Hot Shot!

Season Information
- Year: 2009-2010
- Number of Qualifying Tournaments: 12
- Number of Championship Tournaments: 46
- Championship location: Georgia Dome, Atlanta

Awards
- Inspire Award winner: Rock ‘n Roll Robots - 25
- Rockwell Collins Innovate Award winner: Euler’s Number Pi the Speed of Light - 3595
- Motivate Award winner: Team Tiki - 2859
- Connect Award Winner: Team Unlimited - 1
- PTC Design Award Winner: Roberts Creek Xtreme Robotic Minds - 245
- Champions: Smoke and Mirrors - 2868 Under the Son - 2843 GForce - 3864

Links
- Website: http://www.usfirst.org/roboticsprograms/ftc

= Hot Shot! =

Hot Shot! is the robotics competition event in the 2009-2010 FIRST Tech Challenge. Two teams compete to score points by depositing whiffle balls into designated areas.

==Game Overview==
===Field Description===
Hot Shot! is played by four robots on a 12 foot by 12 foot field. Robots are paired together to form red and blue alliances of two teams each. Each alliance starts on a different side of the field, in spots designated by red and blue taped off squares.
There are 3 goal areas, the low goal, the high goal, and the off field goal. The low goal and the high goal are centered on the field. The high goal has a pivot bar that allows it to be spun by a robot contacting the spin bar.

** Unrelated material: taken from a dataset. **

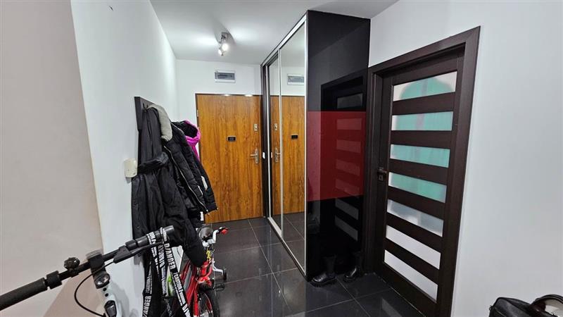 Lokal jednopoziomowy z przyległym balkonem, usytuowany na drugiej kondygnacji budynku, tj. na pierwszym piętrze, z dwustronną, północną i południową ekspozycją okien. Lokal składa się z trzech pokoi, w tym jednego z aneksem kuchennym, łazienki i przedpokoju. Układ funkcjonalny pomieszczeń lokalu i ich kształt korzystny - rozkładowy i regularny. Wyposażenie instalacyjne lokalu: instalacja elektryczna, wodno-kanalizacyjna, CO i CWU zasilane z miejskiej sieci ciepłowniczej, instalacja teletechniczna, w tym wideodomofonowa.
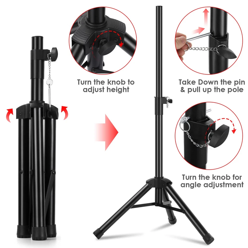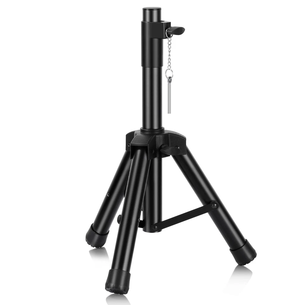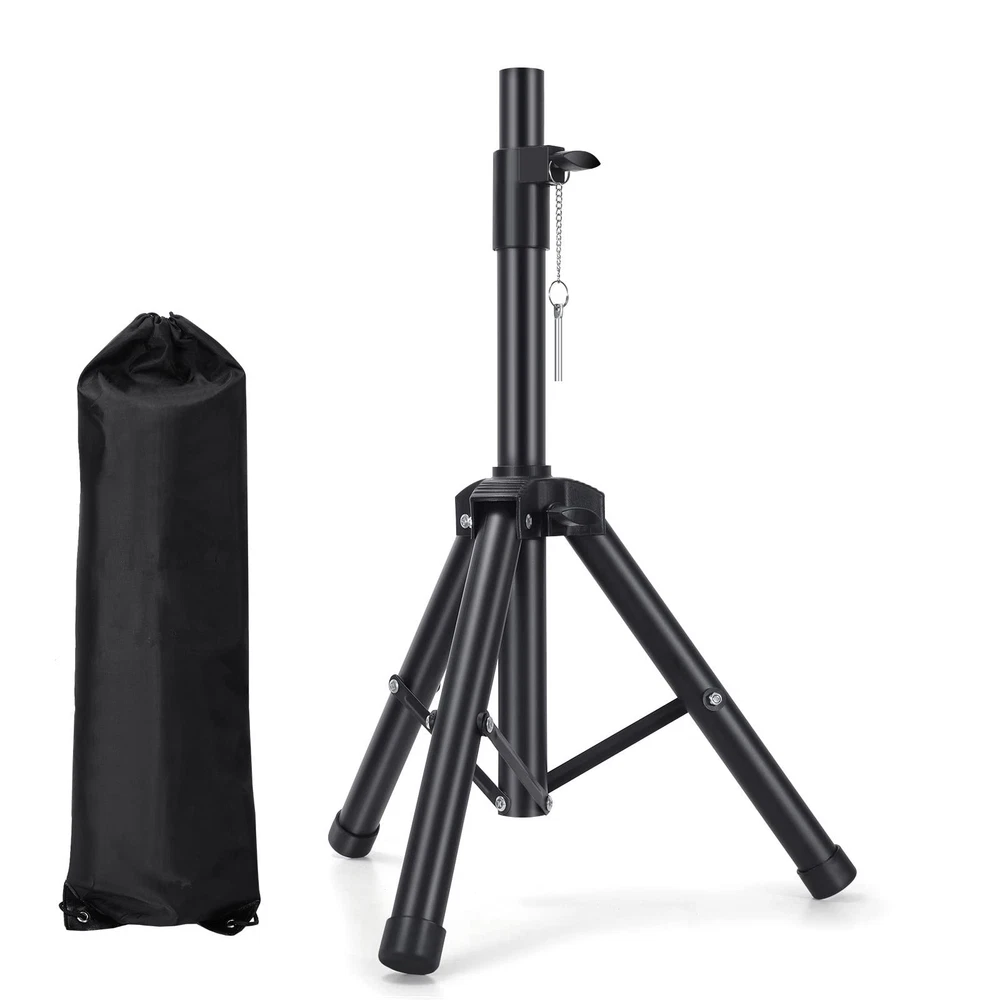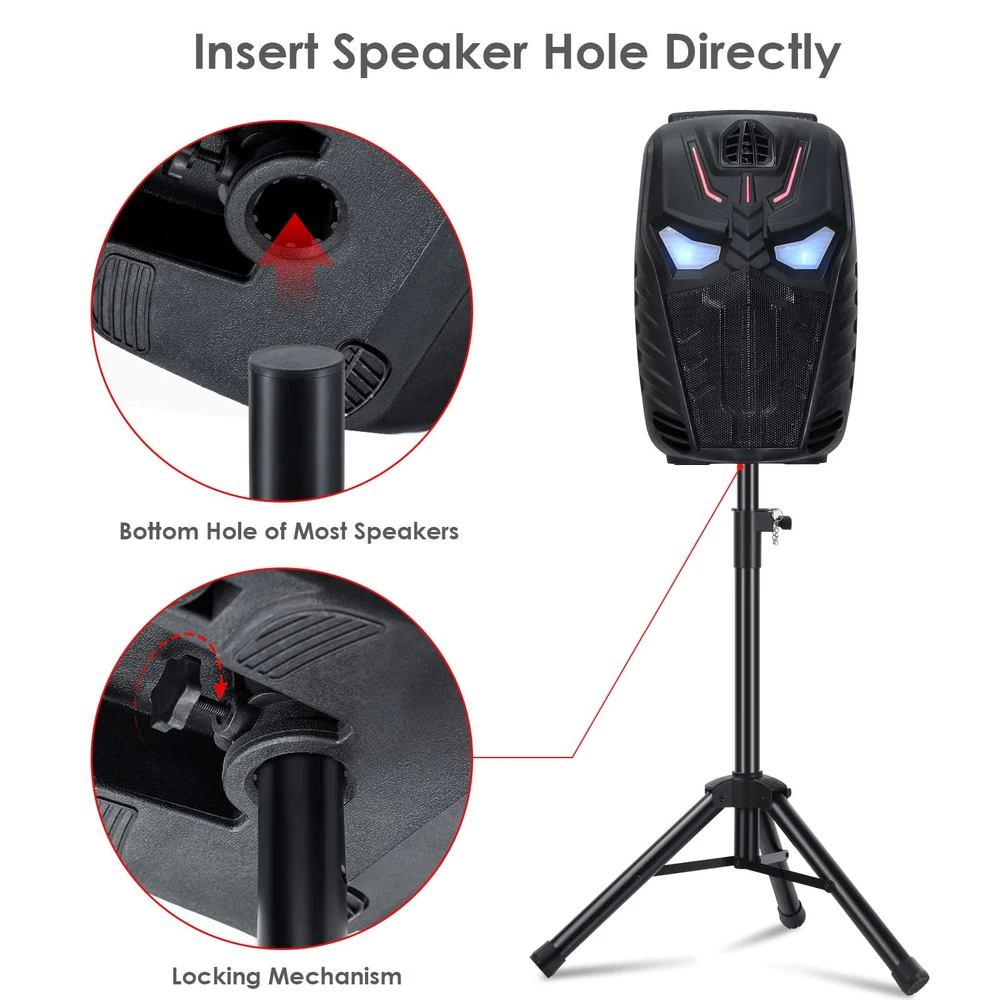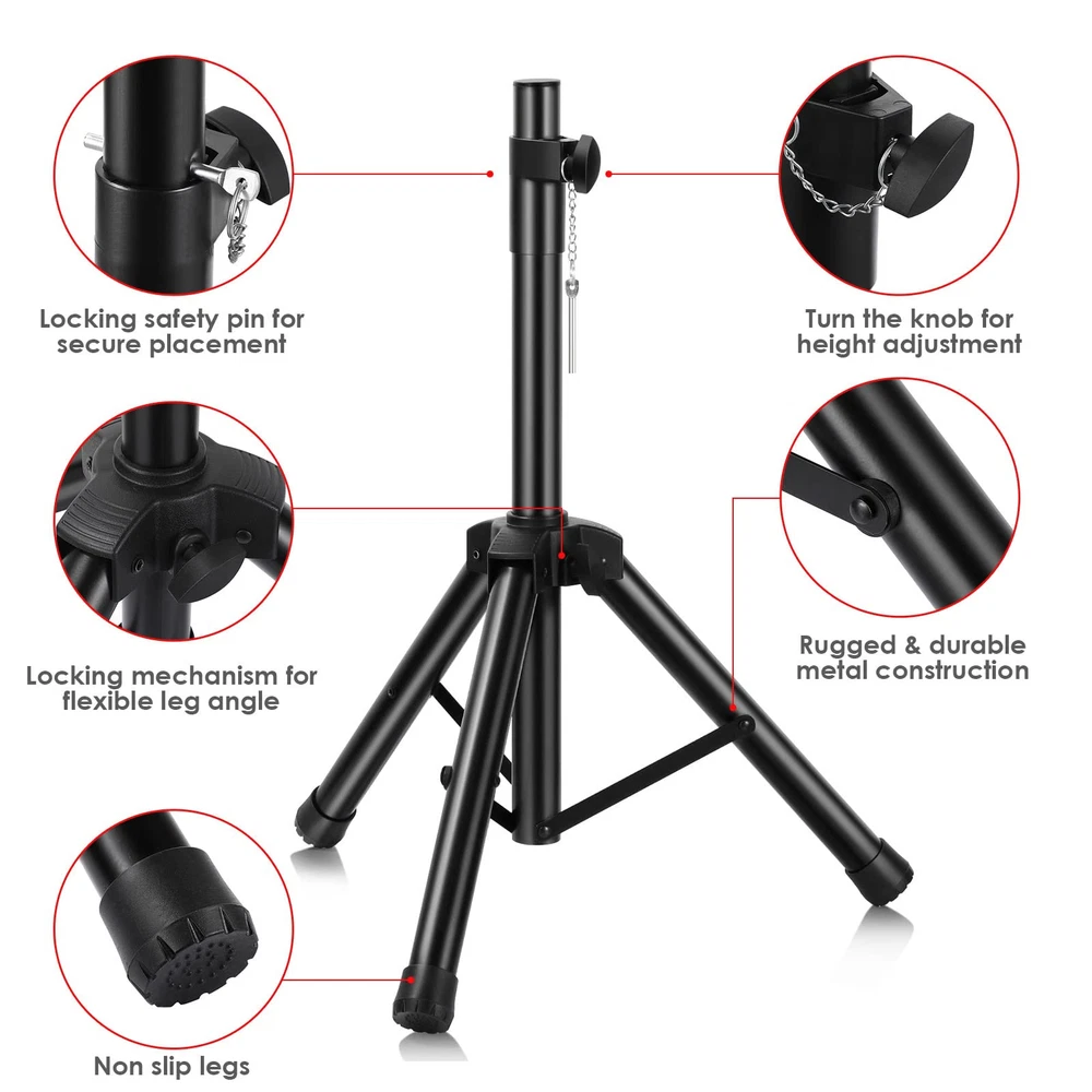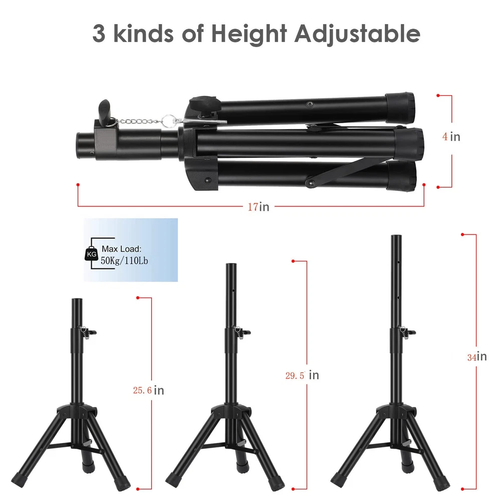 1.Adjustable Height:20inches-33inches 2.Load capacity up to 80 lbs 3.Heavy Duty Steel Construction,Weight Capacity: 1.4 lbs. 4.Includes: (1) Tripod Speaker Stands. (2) Carry bag for the stands 1.Adjustable Height:20inches-33inches(small size) 2.Load capacity up to 80 lbs 3.Heavy Duty Steel Construction,Weight Capacity: 1.4 lbs. 4.Includes: (1) Tripod Speaker Stands. (2) Carry bag for the stands 5.Can hold small speaker, recommended size of speaker under 10 inches

The off field goal is four feet from the field.
There are ball dispensers made out of PVC pipe, full of balls, at each corner of the field. There is a wooden deflector beneath each of the dispensers, angled toward the center of the field that makes the balls roll in different directions. The balls are released from the chutes by a pivoting trigger.

===Round Timing===
Each round lasts two and a half minutes. The first 30 seconds are composed of an autonomous period, where the robots are controlled completely by a program on the NXT. The next 2 minutes are a "Teleop," or remote controlled period where the robots are controlled remotely through the Bluetooth on the NXT. The last 30 seconds of the teleop period are known as the end game.

===Scoring===
The off field goal can only be scored in during the end game.
The following points are awarded for normal white balls in each of the corresponding goals:

| Goal | Points |
|---|---|
| Low Goal | 1 |
| High Goal | 5 |
| Off Field Goal | 10 |

Yellow curve balls double the score in the goal that they are scored in. They can be released by the team captain during the end game.